Von der Leyen stellt den Plan am Nachmittag offiziell in einer Rede im Europaparlament vor. Anschließend beginnt in den 27 EU-Staaten die - voraussichtlich wochenlange - Beratung darüber. Nötig wäre, dass Haushaltsplan und Wiederaufbauprogramm einstimmig gebilligt werden. In Deutschland muss der Bundestag zustimmen.

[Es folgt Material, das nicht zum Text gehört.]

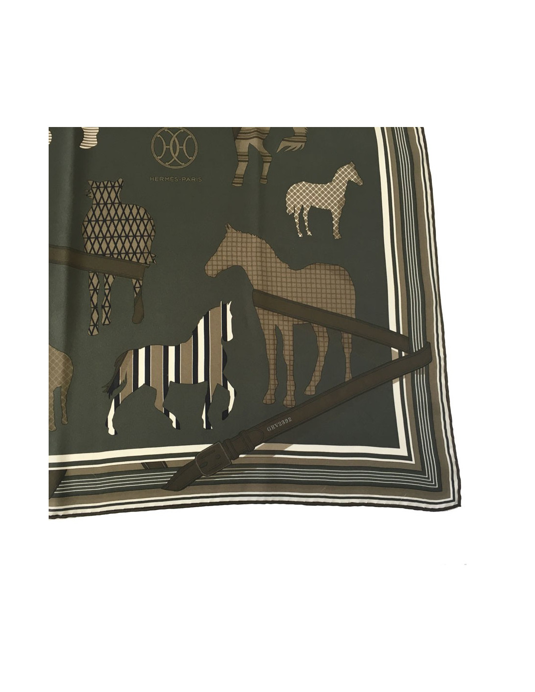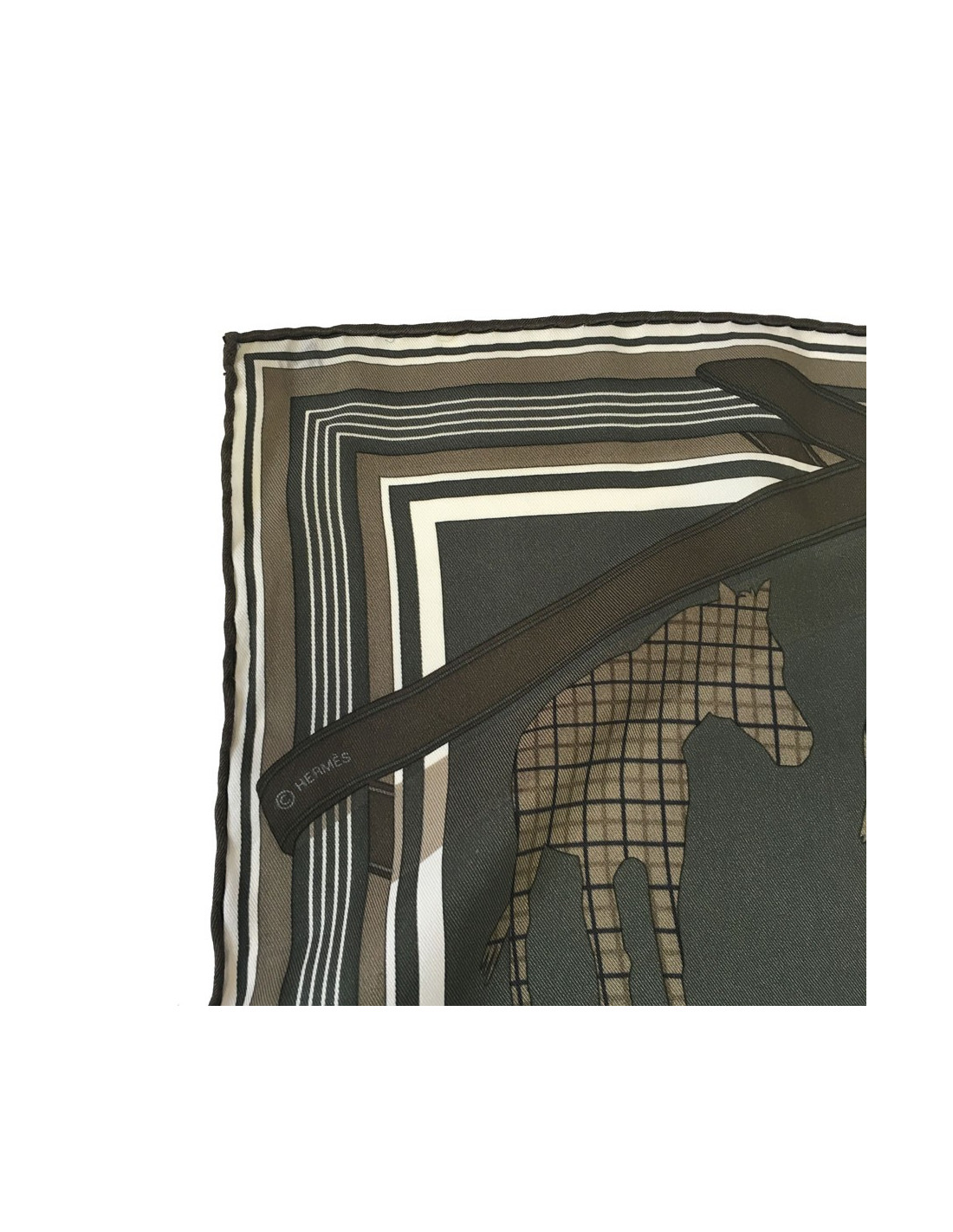 Carré HERMES "GRV2392" en soie vert, kaki et ivoire. Cet accessoire provient des soldes. Nettoyé chez un teinturier.

Mit dem Wiederaufbauplan soll die schlimmste Rezession in Europa seit dem Zweiten Weltkrieg bewältigt werden. Wegen des zeitweiligen Stillstands während der Pandemie wird die Wirtschaft in der EU nach einer offiziellen Prognose dieses Jahr um 7,4 Prozent schrumpfen. Die EU-Staaten haben bereits ein gemeinsames Sicherheitsnetz mit Kredithilfen von bis zu 540 Mrd. Euro gespannt.

Gemeinsame Rückzahlung über den EU-Haushalt

Das Programm zur wirtschaftlichen Erholung im Rahmen des Haushaltsplans ist nun der nächste Schritt. Das Neue: Die über Kredite finanzierten Mittel sollen überwiegend als Zuwendungen an die EU-Staaten vergeben werden, die nicht die Empfänger, sondern alle gemeinsam zurückzahlen.

Das soll über den EU-Haushalt passieren, weshalb die Mitgliedsstaaten Beitragszusagen zum Haushalt garantieren sollen. Im Fachjargon: Die Eigenmittelobergrenze soll drastisch erhöht werden. Die Schulden sollen dann über Jahrzehnte aus dem EU-Budget abgestottert werden - und zwar in den Jahren 2028 bis 2058.

Dabei sollen nach dem Willen der EU-Kommission neue eigene Einnahmen für die EU aus Steuern und Abgaben helfen. Im Gespräch sind eine Ausweitung des Europäischen Emissionshandels, eine Digitalsteuer oder eine Plastikabgabe.

Zuschüsse in der Kritik

Dass aus Krediten stammendes Geld als Zuwendung und nicht nur als rückzahlbares Darlehen an Krisenstaaten fließen soll, stößt bei einigen EU-Ländern auf Widerstand. Österreich, die Niederlande, Schweden und Dänemark - die "Sparsamen Vier" - haben gemeinsam Einspruch erhoben.

Die Europa-Grünen drängten die deutsche Bundesregierung, während ihrer Ratspräsidentschaft die übrigen EU-Staaten vom Wiederaufbauplan zu überzeugen. Dass sich Merkel hinter ein kreditfinanziertes Konjunkturprogramm gestellt habe, sei ein großer Schritt nach vorn gewesen, lobte die Grünen-Fraktionschefin im Europaparlament, Ska Keller. "Jetzt geht es darum, eine Mehrheit dafür zu gewinnen bei den Treffen des Europäischen Rats."